Ricupero teve que deixar o ministério devido ao desgaste de ter dito que “o que é bom a gente mostram o que é ruim a gente esconde”. A frase foi proferida em um momento em que o ministro se preparava para uma entrevista e acreditava que as câmeras estavam ainda desligadas.

O economista se situou na fase descendente da economia e, segundo ele, em sua fase mais crítica. Ele confessou ter sentido medo de aceitar a pasta da Fazenda. Na época, Ricupero era ministro do Meio Ambiente. “Itamar queria que eu fosse para Fazenda. Eu não queria, não por humildade, mas por medo”, destacou.
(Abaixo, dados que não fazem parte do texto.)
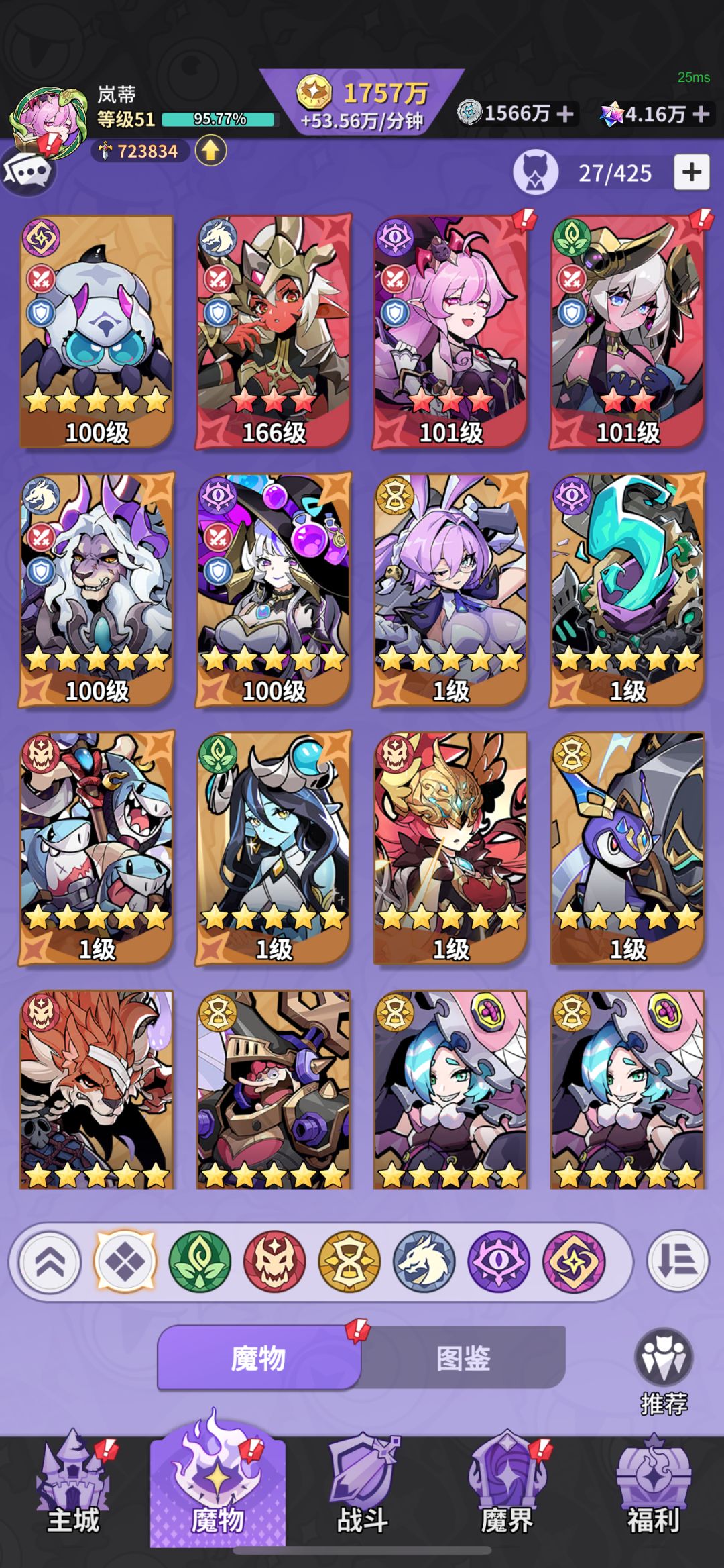 邀请码:GFPFJJSW3F3IH4(咱们一起交流玩)拿十抽五星 一、前期资源获取与利用 1. 升级资源:前期升级所需的经验和银币较为短缺。对于非付费或小额付费玩家而言,可以适当购买一些,否则容易卡关。当缺少资源时点击魔物升级,会弹出 2.5 折的购买选项,且越买折扣越大。 2. 钻石花费: - 大富翁:骰子要买满,这是获取资源的重要途径之一。 - 紫色进阶石:在有银币或者折扣较大(3 - 4

Na opinião do ex-ministro, o clímax dessa curva e o fator que determinou sua reversão foi o lançamento do real. O grande sucesso da nova moeda, de acordo com Ricupero se deu mais em função da aceitação da sociedade.

“O Plano Real teve a vantagem de valorizar a mediação com a sociedade e usou uma linguagem singela, objetiva, clara, proporcionando informação, evitando o uso do ‘economês’. Demos informações e isso sem agências de publicidade. O que foi importante naquela época foi que a nação se converteu a idéia de que a estabilidade monetária era importante”, lembrou.


“Seria paternalismo dizer que nós ensinamos. Não foi assim. As pessoas já sabiam de forma confusa. Nós só tornamos essas idéias claras, explícitas”, disse o ex-ministro. A calmaria das agências bancárias no dia do lançamento do plano veio como um alívio para a apreensão do ministro.

“Naquele primeiro de julho de 1994 percorri várias agencias de Brasília e das cidades satélites e vi que estava tudo calmo. Foi uma sexta-feira. Nós tínhamos até planejado abrir os bancos no fim de semana para evitar tumultos e vimos que não havia mesmo necessidade, pois no Brasil todo o que ocorreu foi um clima de tranqüilidade. A sociedade entendeu porque teve informação clara. Não teve medo de confisco, de medidas arbitrárias e mirabolantes”, disse o ex-ministro.

Ricupero ainda destacou que para a formação do Plano Real muitos conhecimentos e erros dos planos lançados até então foram aproveitados. “As pessoas que passaram pela experiência do cruzado aprenderam alguma coisa”, destacou.